The “Input buffer size 0 is different” error occurs because you’re passing a NumPy array with zero bytes to bindings.input().set_buffer(...), while the HailoRT expects a valid frame buffer. This typically happens when your array shape contains a zero dimension - usually the batch dimension.
When you create an InferModel, it starts with a batch size of 0 (HAILO_DEFAULT_BATCH_SIZE), which means it will auto-determine the batch size during configuration. If you configure the model without explicitly setting the batch size first, you’ll end up with this issue:
infer_model = vdevice.create_infer_model('inception_net.hef')
# batch size is still 0 at this point
with infer_model.configure() as configured_infer_model:
bindings = configured_infer_model.create_bindings()
# infer_model.input().shape is something like (0, H, W, C)
buffer = np.empty(infer_model.input().shape).astype(np.uint8)
bindings.input().set_buffer(buffer) # buffer has 0 bytes - causes the error
Solution:
Set your batch size explicitly before configuring the model. For single image inference:
infer_model = vdevice.create_infer_model('inception_net.hef')

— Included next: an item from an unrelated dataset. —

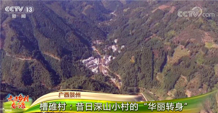 央视网消息:我带大家走进的是广西贺州市平桂区槽碓村,目前,总台记者廖汨已经在村子里。今年2月,槽碓村被授予“全国脱贫攻坚先进集体”荣誉称号。从破旧小山村蜕变成广西乡村振兴示范点,这“一步跨千年”的巨变就是在短短几年间实现的。现在我们就先和廖汨一起走进槽碓村。

infer_model.set_batch_size(1) # Set batch size before configuration
with infer_model.configure() as cfg:
bindings = cfg.create_bindings()
shape = infer_model.input().shape # Now (1, 224, 224, 3) for example
buffer = np.empty(shape, dtype=np.uint8)
bindings.input().set_buffer(buffer) # buffer now has the correct size
# proceed with inference...
This should resolve the buffer size mismatch error. Let me know if you have any other questions!